In the event of covered loss or damage, we will determine the value of Covered Property at the actual amount spent to repair, replace or rebuild the damaged property as of the time of the loss or damage, at the same site or another site, subject to the following:

a.We will not pay more for lost or damaged property than the least of:

(1) The Limit of Insurance applicable to the lost or damaged property;

(2) The amount it should cost to replace, on the same premises, the lost or damaged property with other property:

(a) Of comparable material and quality; and

(b) Used for the same purpose; or

(3) The amount you actually spend that is necessary to repair or replace the lost or damaged property with other property:

(a) Of comparable material and quality; and

(b) Used for the same purpose.

b. We will pay on an Actual Cash Value basis until the lost or damaged property is actually repaired, rebuilt or replaced.

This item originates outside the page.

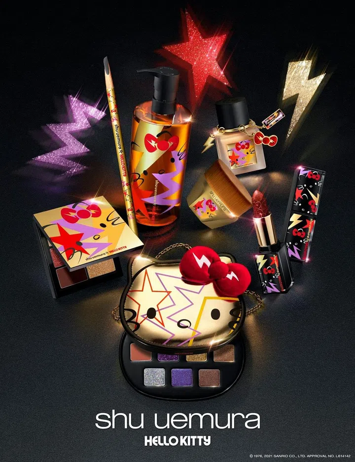 日本植村秀(shu Uemura) 限定联乘系列找来卡哇伊的Hello Kitty,为这位可爱系教主打造个性摇滚风。金色的Hello Kitty 大头以Disco 球为灵感,打开原来是眼彩盒,实用的大地色系搭配个性紫,打造日常彩妆不是问题!另外,唇膏、人气洁颜油、粉底液、粉底刷、唇膏等统统都换上了新装。代言人王一博更拍摄了系列彩妆大片,跟Hello Kitty 一起卖萌。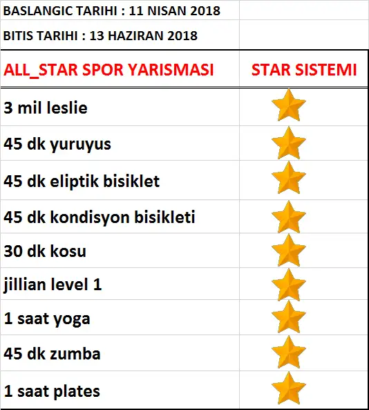 45 dk leslie = bir saat yuruyus = bir jillian = 1 saat yoga = 30 dk zumba = 30 dk kosu

c. If you do not repair, replace or rebuild on the same site or another site within 2 years of the date of loss, we will pay you on an Actual Cash Value basis.

[Doc. 65, at 99-100] 
      
      . The record indicates that Hartford attempted to cancel its insurance policy with Novo-groder in September 2007. Although this appears to have been a contentious issue between the parties, it does not affect the resolution of this case.
     
      
      . Some portions of the record indicate that the third incident of property damage occurred on July 4, instead of June 4. Nonetheless, the briefs from both parties state that the third incident occurred in June. Because both parties agree on this timeline, we assume that all three acts of property damage were covered by the insurance policy ending on June 30, 2007. But even if the third incident of property damage occurred on July 4, 2007, Novogroder had renewed its insurance policy through June 30, 2008, and the property damage would have occurred before Hartford attempted to cancel its insurance policy with Novogroder in September 2007.
     
      
      . The record indicates that approximately $35,000 to $40,000 had to be spent to make the building suitable for inspection, but the record is unclear whether Novogroder paid for these repairs. Even if Novogroder had paid for these repairs, they were still less than the Actual Cash Value payment that Novogro-der received, and are therefore not a basis for recovering the Depreciation Holdback.